## Task directions
Retyping should cover only the lines from the one containing "Watercolor Abstract Clipart" through the final line of the records, with pictures omitted.

## Data
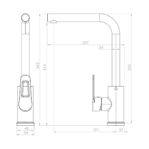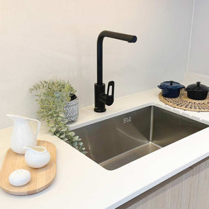 Cartucho cerámico con apertura en frío que permite ahorro de energía. La manilla cuenta con giro en 90° que permite regular la temperatura del agua.
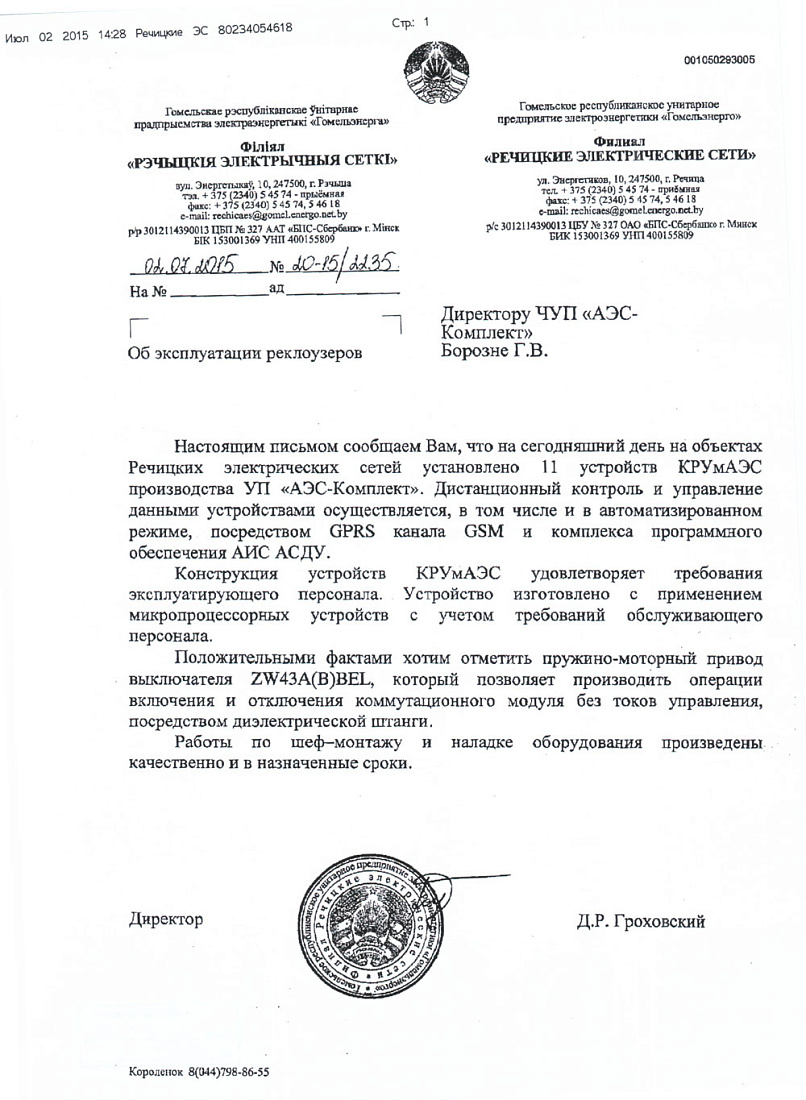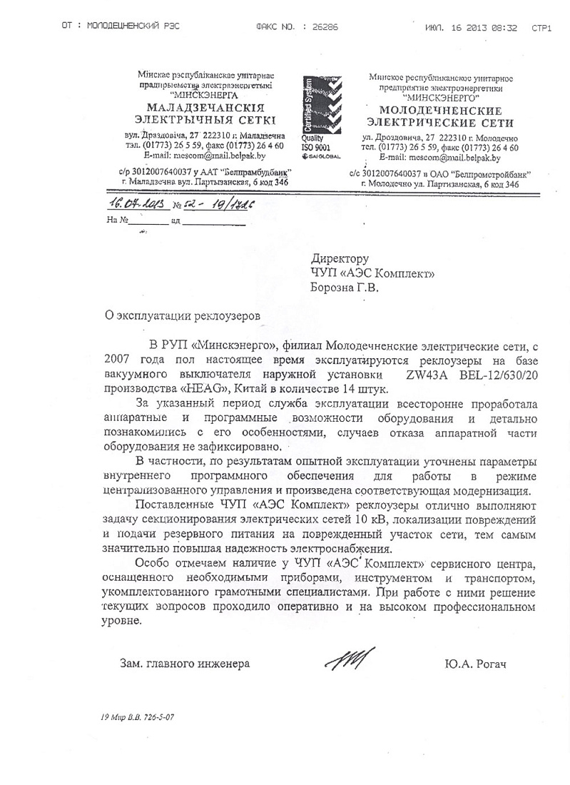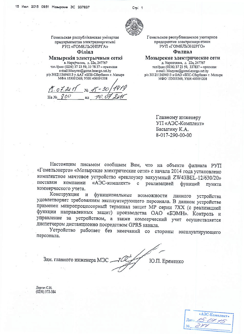 - KRUmAES — I /6(10) — switchgear «vacuum recloser», based on module КМ-I with vacuum circuit breaker ZW43ABEL-12, provides switching of load overcurrents and short circuit currents;
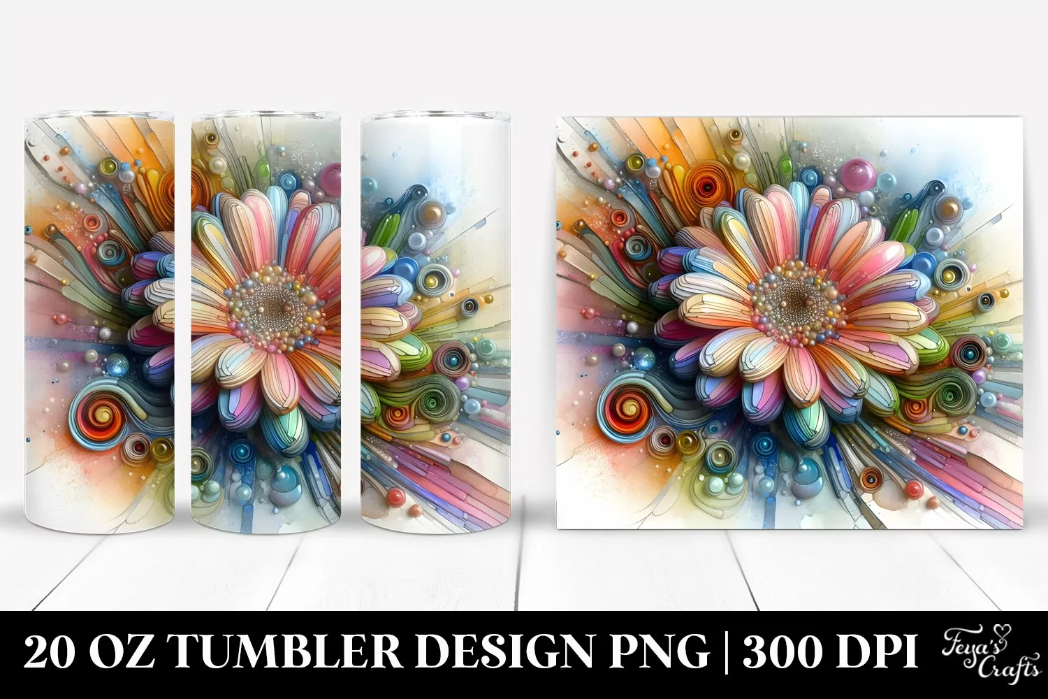 Watercolor Abstract Clipart Vibrant Png Pastel Gerbera Sublimation Tumbler Glassinsertions
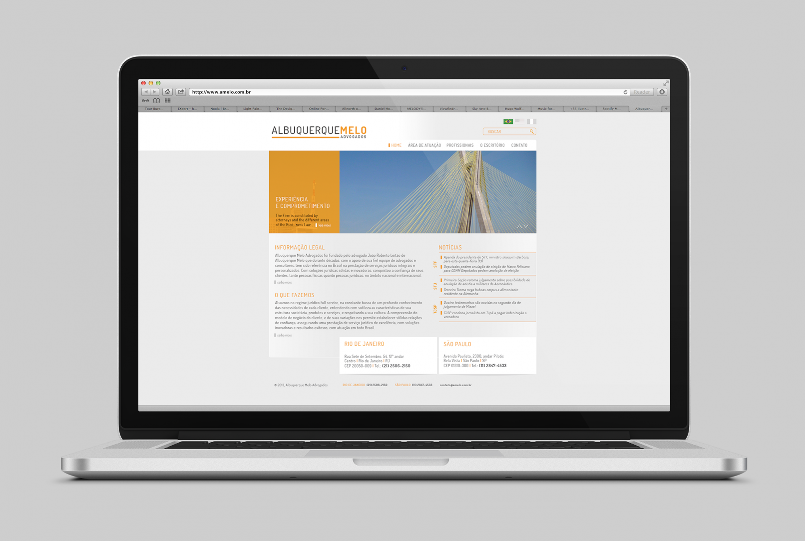 Identidade Visual, Site, e Itens de papelaria desenvolvidos para o escritório de advocacia Albuquerque Melo.
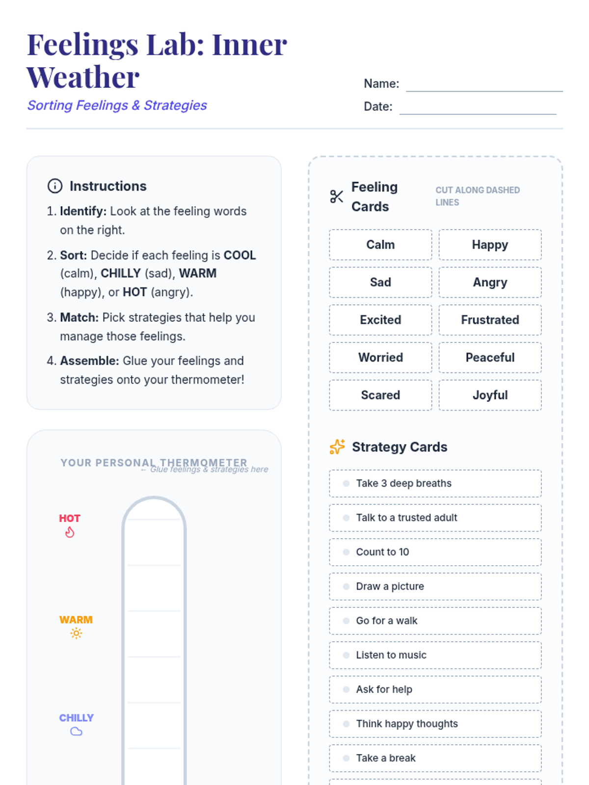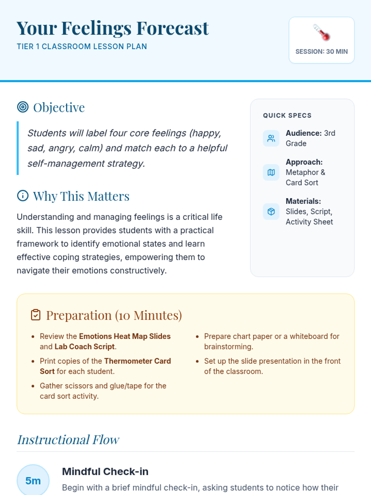 A 30-minute social-emotional learning lesson for 3rd graders that uses a weather and thermometer metaphor to help students identify emotional intensity and match feelings with effective coping strategies.

## Exercise response
 Watercolor Abstract Clipart Vibrant Png Pastel Gerbera Sublimation Tumbler Glassinsertions
 Identidade Visual, Site, e Itens de papelaria desenvolvidos para o escritório de advocacia Albuquerque Melo.
 A 30-minute social-emotional learning lesson for 3rd graders that uses a weather and thermometer metaphor to help students identify emotional intensity and match feelings with effective coping strategies.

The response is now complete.